In 2011, the US Food and Drug Administration (FDA) approved the use of the Hairmax Lasercomb R laser comb for the treatment of female AGA, but there are no published results from studies of its effectiveness in women.

Despite numerous studies, more data are needed to develop a standardized treatment procedure, including the optimal wavelength, degree of coherence, and dosimetric parameters.

The safety and possible efficacy of LILT as a treatment option for patients with AGA who are unresponsive or intolerant to standard therapy should be confirmed in further clinical trials.

A recent study examined the efficacy of topical injections of dutasteride in the treatment of female pattern hair loss in 126 patients. A combination of 0.5 mg of dutasteride, 20 mg of biotin, 200 mg of pyridoxine and 500 mg of D-panthenol in a 2 ml solution was injected into the crown area intradermally by mesotherapy. The injections were repeated weekly for 8 weeks, then every 2 weeks for 4 weeks, at the 16th week the last session was performed.

It was found that 18 weeks after the start of treatment (compared to the control group treated with saline), this method had a positive effect on hair growth in women with PVAT. At the 18th week, 62.8% of patients showed photographic improvement, an increase in hair diameter and a decrease in their loss.

Prostaglandin analogues (PGAs), such as latanoprost and bimatoprost, are topical agents for the treatment of glaucoma and intraocular hypertension. Later it was found that these substances promote the growth and pigmentation of eyelashes. The mechanism of action that promotes hair regrowth is presumably the stimulation of the dermal papilla, leading to the activation of the transition of telogen hair into the anagen phase.

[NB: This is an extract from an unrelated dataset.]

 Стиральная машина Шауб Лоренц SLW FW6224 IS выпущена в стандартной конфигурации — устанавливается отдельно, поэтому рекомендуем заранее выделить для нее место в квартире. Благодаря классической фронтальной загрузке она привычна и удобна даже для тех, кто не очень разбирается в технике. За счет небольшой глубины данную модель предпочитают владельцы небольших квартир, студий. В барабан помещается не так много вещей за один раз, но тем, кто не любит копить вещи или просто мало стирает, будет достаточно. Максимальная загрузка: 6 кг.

To date, there are no data on the use of APG for the treatment of female AGA.

The use of bimatoprost 0.03% scalp injections once a week for 12 weeks and then every other week for 4 weeks in a 59-year-old female patient with PVAT was unsuccessful.

Based on the proposed effect on the release of platelet-derived growth factors, stem cell activation, and overexpression of genes associated with hair growth, microneedling therapy has been proposed as a new treatment for AGA.

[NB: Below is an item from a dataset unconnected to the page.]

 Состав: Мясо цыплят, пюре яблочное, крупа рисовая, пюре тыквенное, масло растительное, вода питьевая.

A randomized trial of 100 men with mild to moderate AGA showed that the combined use of dermaroller and minoxidil 5% lotion in promoting hair growth was significantly superior to that of minoxidil alone.

Despite these promising results, the use of this method in the treatment of AGA needs to be confirmed in clinical trials.

If standard treatments fail to improve hair loss, hair transplantation may be considered as a treatment option. This still effective procedure must be performed by an experienced surgeon, during which individual hair follicles are transplanted from a donor site, but unlike men, in women, due to the diffuse nature of hair loss, the area of \u200b\u200bthe site is very limited.

Among the complications of the operation: temporary hair loss after transplantation, infections, pain and failure of the transplant.

Hair transplantation is performed by various methods, one of such methods is PL-FUT
longitudinal partial follicular unit transplantation.

The new method consists in partial longitudinal extraction of a follicular unit, which can be used as a complete follicular unit to form a fully differentiated hair follicle. The partial follicular unit remaining in the dermis at the donor site can survive and form a hair.

Modern areas of research and future methods of therapeutic intervention are:

• stem cells of follicular origin,
• as well as technologies for cultivating hair follicle tissues.

Accurate identification and effective delivery of the appropriate defense and trigger mechanisms that will stimulate the activation of quiescent stem cells can make the prevention and reversal of hair loss a reality.